Rahm, Obama, and the Future of "Socialist" Infrastructure Funding

Last month, Rahm Emanuel made a curious remark in an interview with Bloomberg BusinessWeek about his plans to upgrade Chicago's infrastructure. While explaining how his newly-created Chicago Infrastructure Trust would operate, he claimed that the United States had the world's most capitalist economy, yet was also "the only economy that still does its infrastructure on a socialist model, state-owned."

Rahm's old boss, President Barack Obama, currently oversees the country's supposed "socialist" road-building enterprise. But if he gets re-elected, he may actually follow Rahm's lead in advocating more private investment in infrastructure projects. In fact, he has been trying to create his own version of the Chicago Infrastructure Trust on the federal level since before he was elected.

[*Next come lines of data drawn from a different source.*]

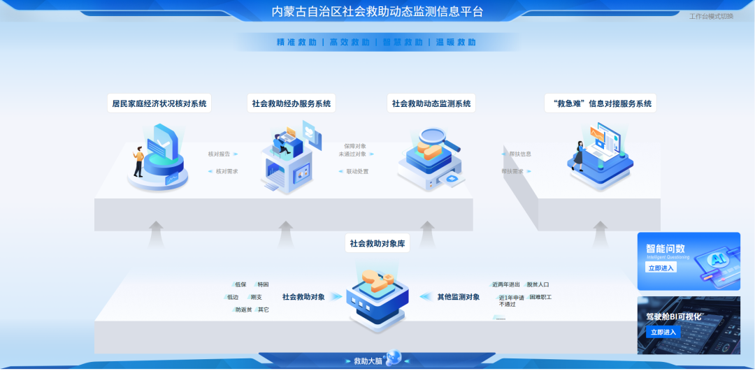 久远银海 与 内蒙古自治区民政厅 深度协作,严格遵循民政部“一网、一库、一平台”建设要求,打造“1+3+1”社会救助动态监测信息平台,创新构建“一体一库四闭环”的内蒙古救助服务新模式。平台实现全区“一级部署、五级贯通”,向上融入全国救助“一张网”,向下贯通12个盟市、103个旗县及万余个乡镇、村,纳入各类监测对象246万余人,让救助服务触达基层“最后一公里”。
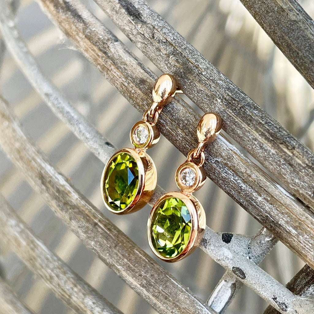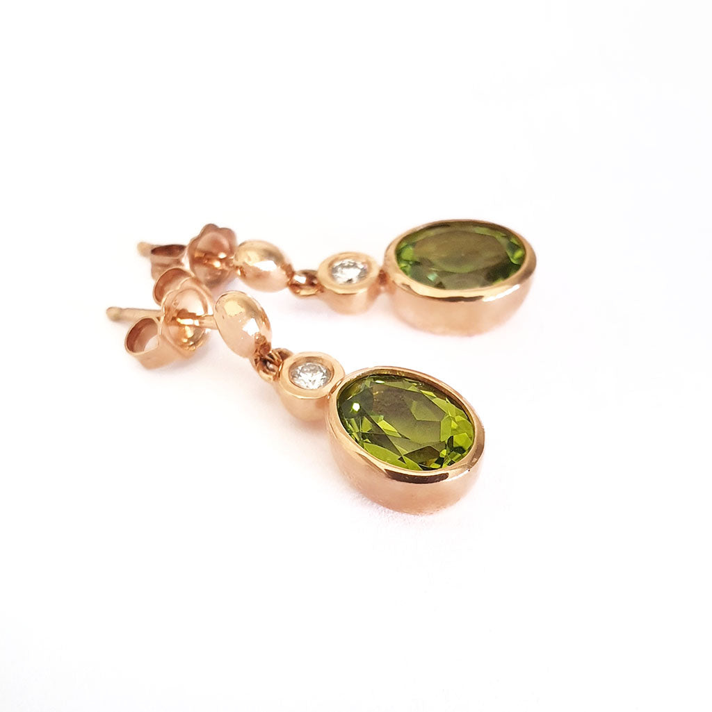 Rose Gold Oval Bezel Set Peridot and Diamond Drop Earrings
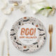 Celebrate Halloween in style with these fun and festive party plates! Featuring a playful design with a black cat, bat, ghost, pumpkin, spider, ‘boo’ and autumn fall leaves, they’re perfect for a family Halloween party or kids’ spooky birthday. Personalize with your family or child’s name and year for a unique touch that makes your table extra special.
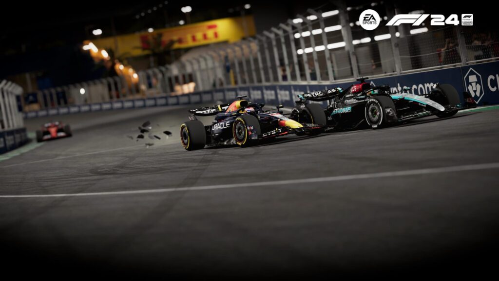 While Kruimel capitalized on The Captain’s misfortune to build a commanding lead, The Captain launched a spirited recovery drive. After rejoining at the back of the field, he steadily climbed the order, overtaking Charles Leclerc and Sergio Perez post-pit stops. A critical moment unfolded on Lap 13 as The Captain attempted to pass Max Verstappen in the high-speed Turn 22. Verstappen turned in aggressively, resulting in significant damage to his front wing and minor but impactful floor damage to The Captain’s car. The Captain managed to secure P4 but struggled with reduced pace thereafter.
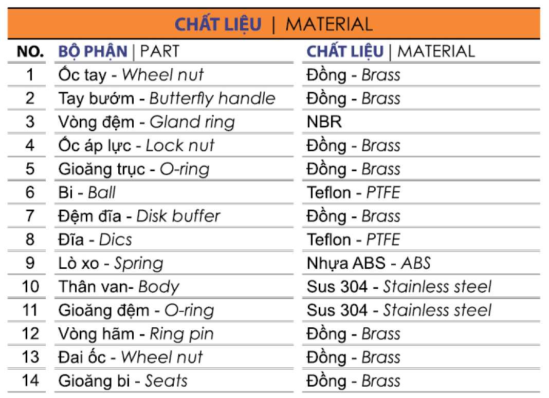 Van bi đồng tay gạt Novo
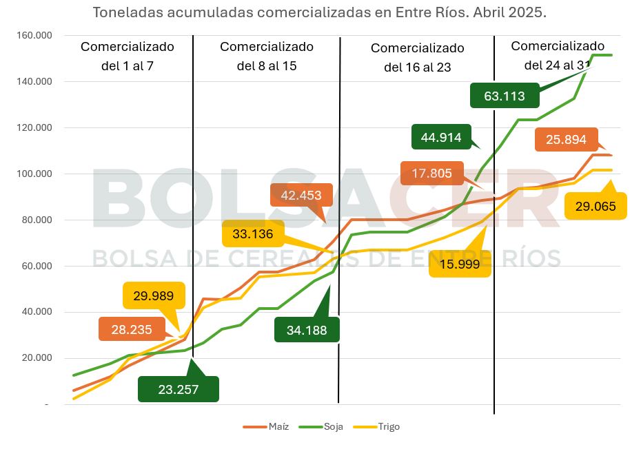 Figura 1. Toneladas comercializadas acumuladas en el mes de abril de 2025 en Entre Ríos. Fuente: BOLSACER en base a SIO Granos.
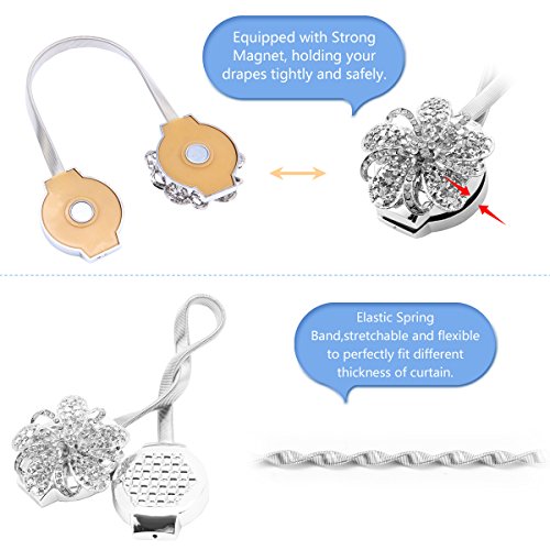 Fatto di lega di zinco ecologica di alta qualità e strass, ogni fermatenda decorativo è confezionato singolarmente, adatto per decorare le tende degli interni.
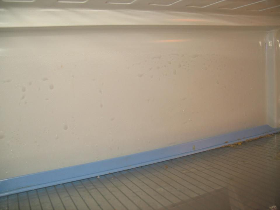 задняя стенка закрыта теплым конденсатором (трубкой в которой хладагент остывает)... там доступа чтото увидить нету ... боковая стенка (наружняя сухая) впрочем как и наружний угол в этом месте
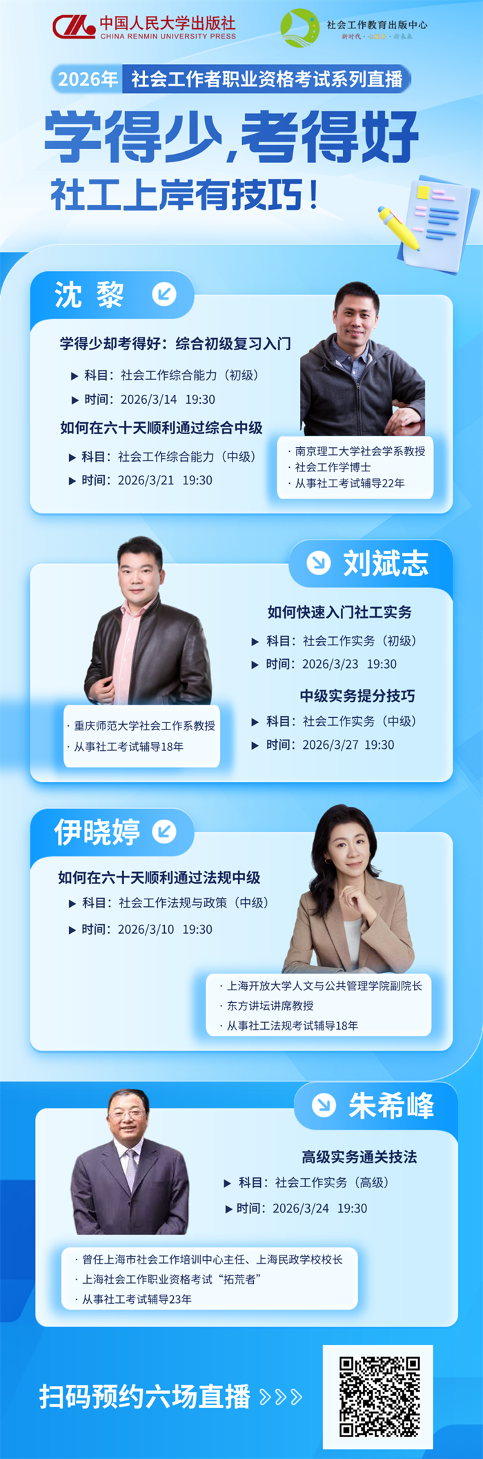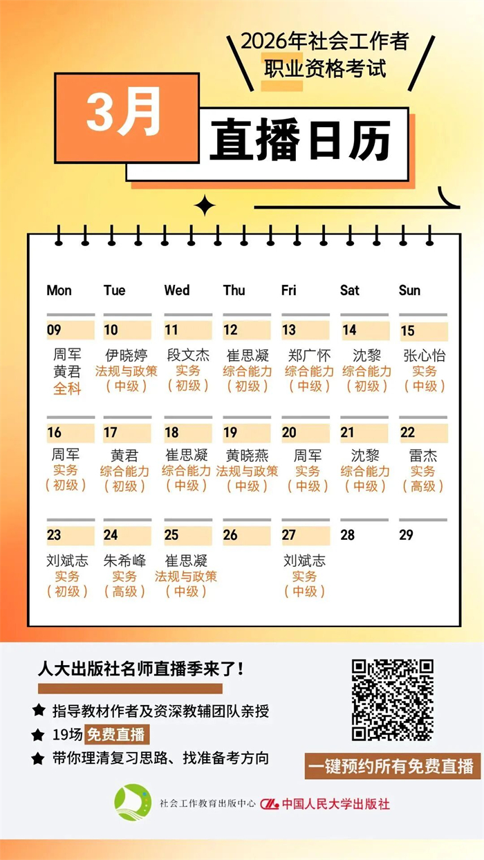 2026年社会工作者考试报名已于今日正式启动!3月9日起,人大社特邀指导教材作者及资深教辅团队,推出19场免费直播,带你理清复习思路、找准备考方向。干货满满,机会难得。快来扫描上方二维码,一键预约所有场次。(后附各省报名时间,千万别错过!)
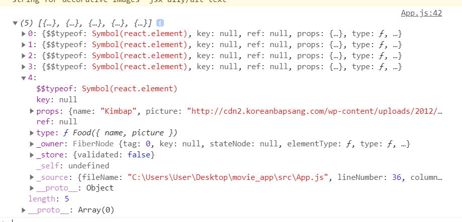 실행 결과는 아래와 같이 React component가 들어있는 배열이 나온다.
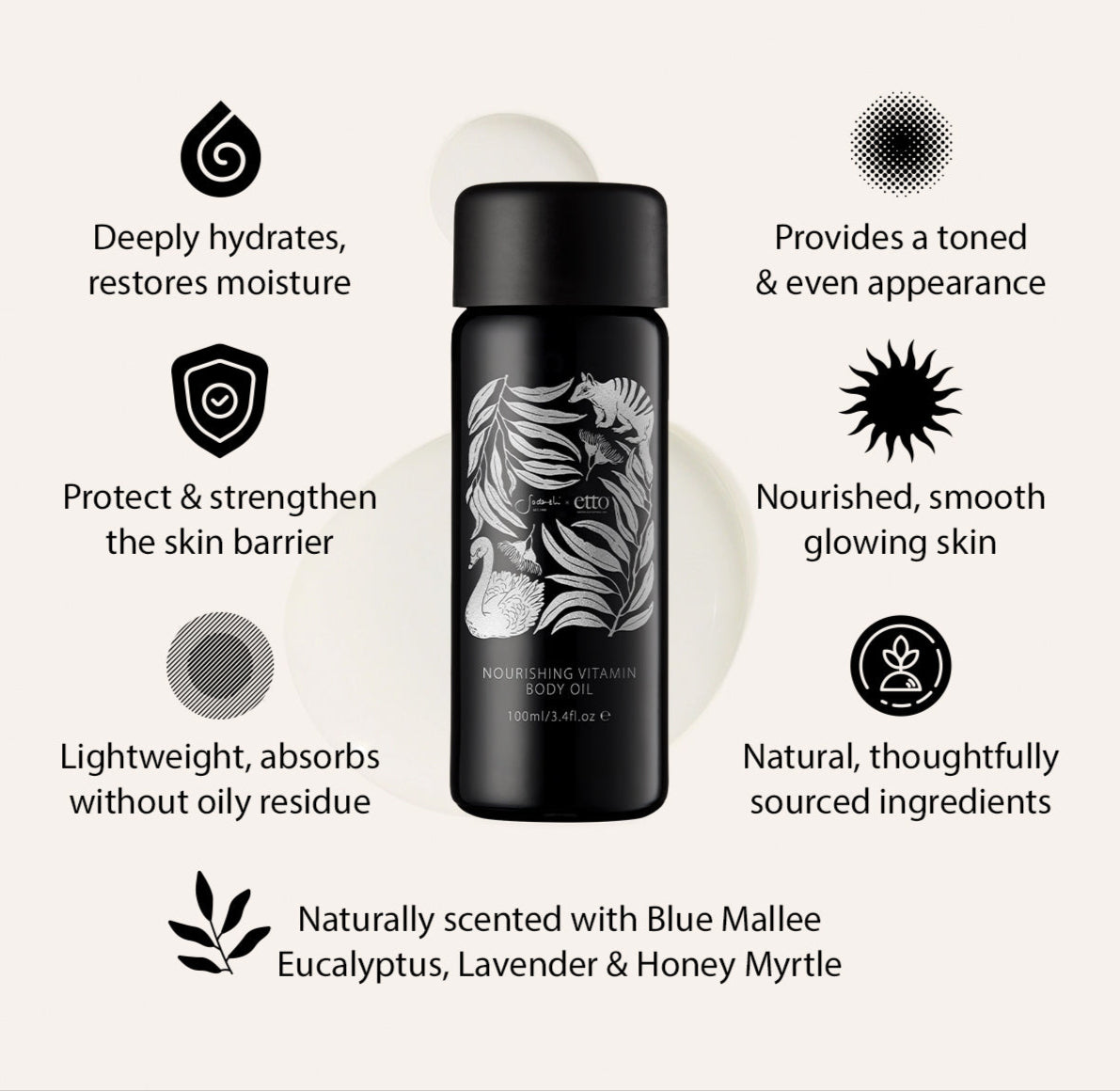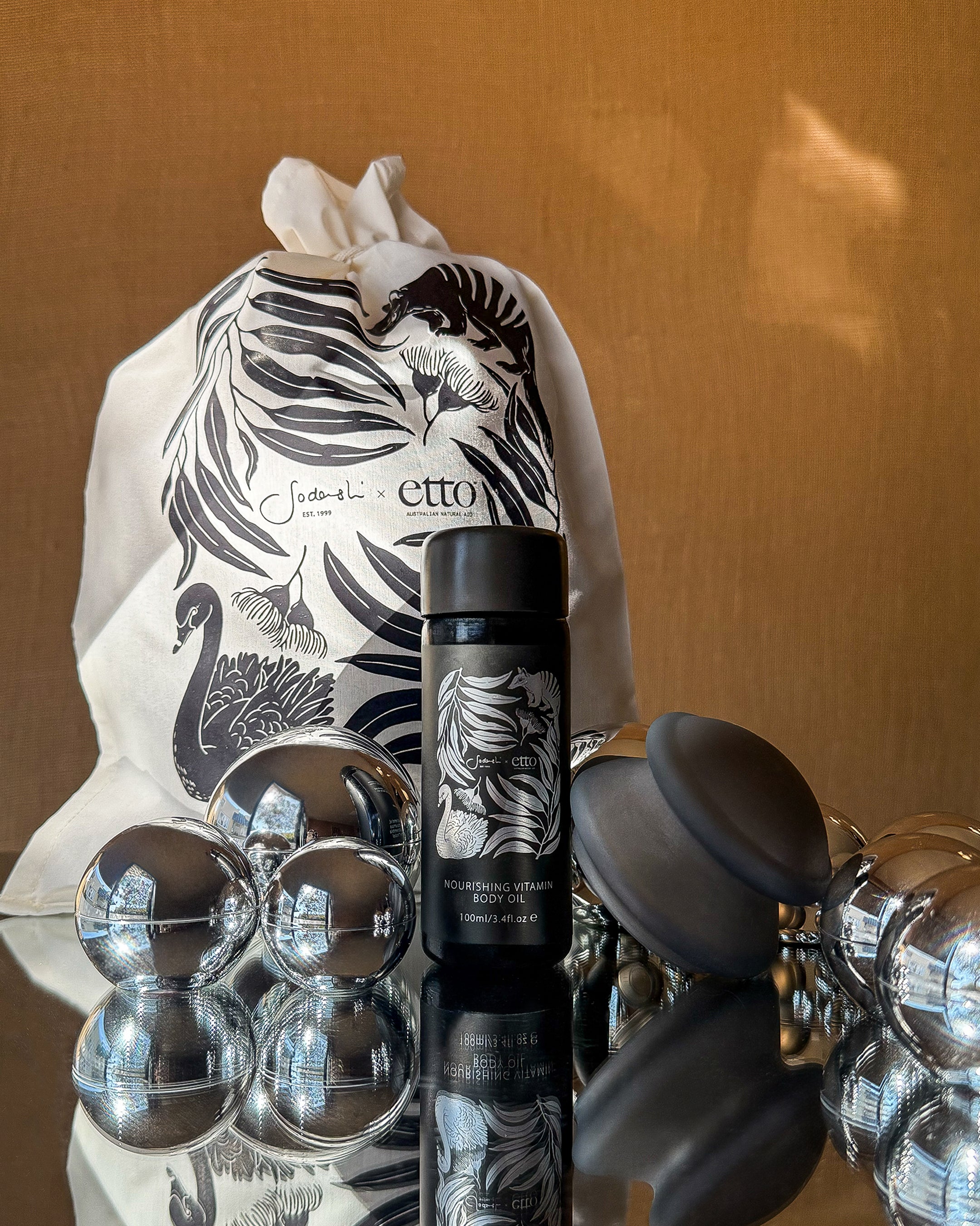 - Sodashi x ETTO Nourishing Vitamin Body Oil (100ml) infused with Blue Mallee Eucalyptus, vitamins, and restorative botanicals.

Traditionally, the United States funds things like road construction, sewers and airports through direct government spending, grants or earmarks. The Chicago Infrastructure Trust, on the other hand, is an example of the "public-private partnership" (PPP) model. This works by funding a public infrastructure project through private investment, and allowing the investor to profit off its future use. In the case of the Trust, several major investment banks, including J.P. Morgan and Citibank, will have the opportunity to invest in to-be-determined Chicago infrastructure projects and make money off the results in unspecified ways. According to the city's official press release, the Trust will "provide advantaged financing, enabling each project to customize a financing structure using taxable or tax-exempt debt, equity investments and other forms of support."

Back in 2007, senators Chris Dodd (D) and Chuck Hagel (R) proposed the creation of a National Infrastructure Reinvestment Bank to generate more funds for infrastructure spending. Obama backed the idea as early as 2008, and called for investing $60 billion into a bank over 10 years to loan out to mass transit and green energy projects and make money on the repayments with interest. The details of how the proposed bank would work were never agreed upon, so it never materialized as part of the American Recovery and Reinvestment Act of 2009 (aka "the stimulus package"). Instead, the law only funded infrastructure through direct payments and grants.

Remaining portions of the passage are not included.